Applications: Agarose Gel Electrophoresis of DNA

  • DNA Analysis & Verification
    • Verifying PCR products: Confirms amplification of the expected DNA fragment.
    • Restriction Digests: Checks predicted fragments obtained after cutting DNA with specific enzymes.
    • Cloning Success: Evaluates if plasmid DNA carries the correct size inserts.
  • Medicine & Diagnostics
    • Genetic Mutations: Electrophoresis can reveal mutated gene fragments with altered sizes.
    • Disease Diagnosis: Detects pathogen-specific DNA for identifying infections.
  • Forensics & Paternity
    • DNA Fingerprinting: Unique banding patterns from repetitive DNA regions aid in individual identification.
    • Relationship Identification: Comparing fragment patterns helps to establish familial relationships (paternity tests, etc.).
  • Diverse Research Applications
    • Gene Expression Studies: Analyze the size and amount of mRNA.
    • Evolutionary Studies: Comparing DNA patterns between species.
    • Purity Checks: Ensuring isolated DNA isn’t contaminated with RNA or other material.

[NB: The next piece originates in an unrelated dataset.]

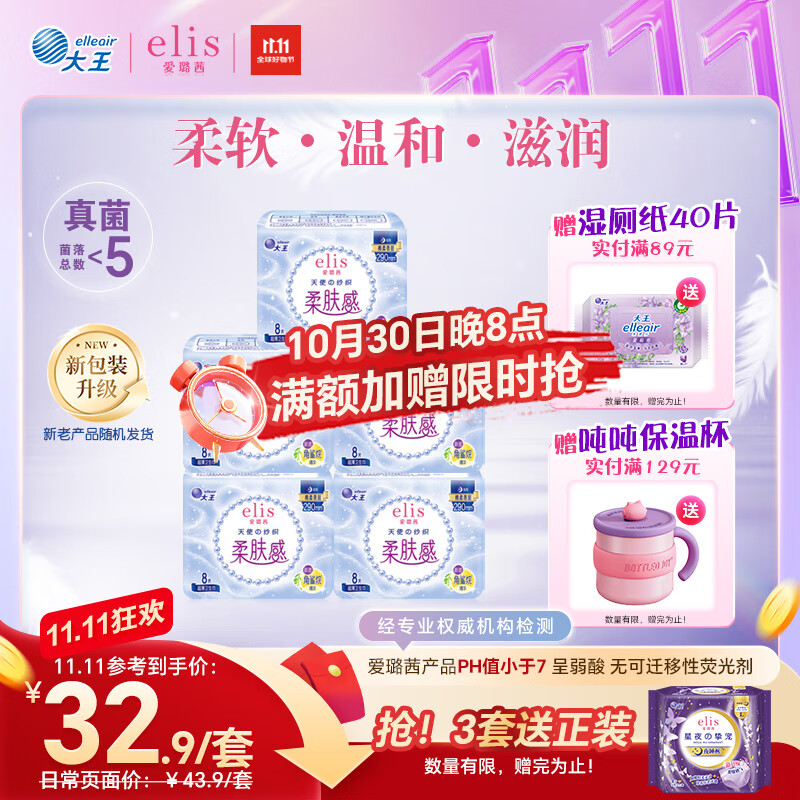 爱璐茜(elis)大王天使棉柔日用卫生巾290mm40片超薄姨妈经期卫生巾京东自营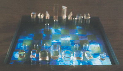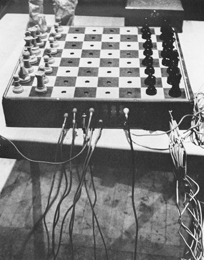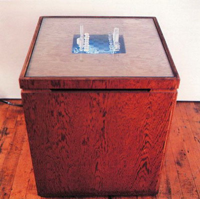 最终的成品,《录像棋》(Video Chess)制作于1968-75年,是个电视雕塑,一个装在木箱里显示屏朝上的装置。屏幕上放置着透明的棋盘和棋子,杜尚和凯奇的那盘棋被转换成影像,伴随1968年下棋现场的原声,再现了两位大师的较量。

Considerations & Optimization: Agarose Gel Electrophoresis of DNA

  • Agarose Concentration: Affects separation range; use higher concentrations to resolve smaller fragments, lower for larger.
  • Voltage: Impacts run speed and resolution. Balance separation needs with the risk of overheating.
  • Buffer Choice: Affects conductivity and separation. TAE is better for large DNA, TBE for small.
  • Safety: Ethidium bromide is a mutagen; consider safer dye alternatives and good lab practices.


Agarose gel electrophoresis is a robust and versatile technique. While the core method is relatively simple, optimization and careful application ensure accurate and meaningful results for a wide variety of investigations in the science of DNA.